Compared to the humans, the demons (in the nebulous glimpses we've seen) actually have the right idea in killing all the humans. There isn't much to save between the religious intolerance and the violence and the institutionalized rapes and the lack of roles for women and the constant demands to make babies that no one wants so they can be thrown as a diversion into the war against the demons.

If I were a woman in this book's world, I would kill myself after spending some time explaining to all the other women that the only thing that's going to stop the ill treatment is for there to be no women to be abused and impregnated. It might mean the end of humanity, but there isn't anything worth saving there anyway.
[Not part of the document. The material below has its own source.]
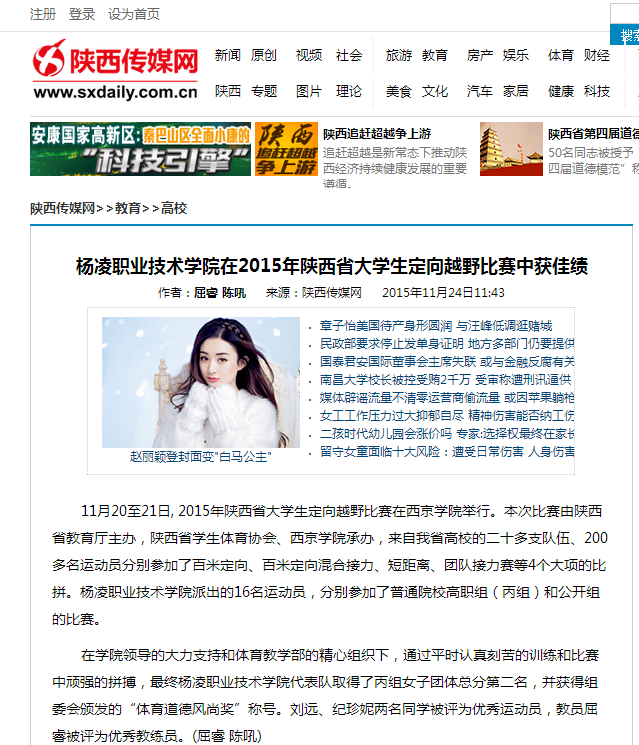11月20至21日, 2015年陕西省大学生定向越野比赛在西京学院举行。本次比赛由陕西省教育厅主办,陕西省学生体育协会、西京学院承办,来自我省高校的二十多支队伍、200多名运动员分别参加了百米定向、百米定向混合接力、短距离、团队接力赛等4个大项的比拼。杨凌职业技术学院派出的16名运动员,分别参加了普通院校高职组(丙组)和公开组的比赛。

Of course, if I were a woman in that world, I wouldn't actually be aware that there were other options. Sapir-Whorf. When there aren't words for it, the concept cannot exist. That's what oppresses women in Islamic countries now. Even though it's obvious to the rest of the world that they're abused, even though we could probably make room for them as refugees, they don't actually leave. Of course we can't bring them to America which continually passes laws restricting the rights of women to be full-fledged human beings in the false name of Jesus. I just cannot imagine the Jesus as described in the canonical texts being as much of an asshole as the overtly god-ridden men running the government...

So, anyway, The Desert Spear is mediocre-ly written compared to the first book, it needed to have bucketloads of boring shit excised, it needed to actually have a fucking plot (one with less unwanted fucking too), and it's guilty of the author not having an imagination sufficient to writing a world that doesn't just import all the current problems. Without the boring shit parts where we're shown the villain learning to be a bigger asshole, the book is just a repositioning cruise. Characters are shuffled around so they're in the right spots when something happens later. There wasn't any real reason for this book to exist, it could have been summed up by a chapter explaining the new evil invading and how X, Y, and Z were sent to "Paris" to bargain for troops. Instead we have a whole book of religious fanaticism and rape fantasy porn.


I won't be reading the third book or anything else by the author.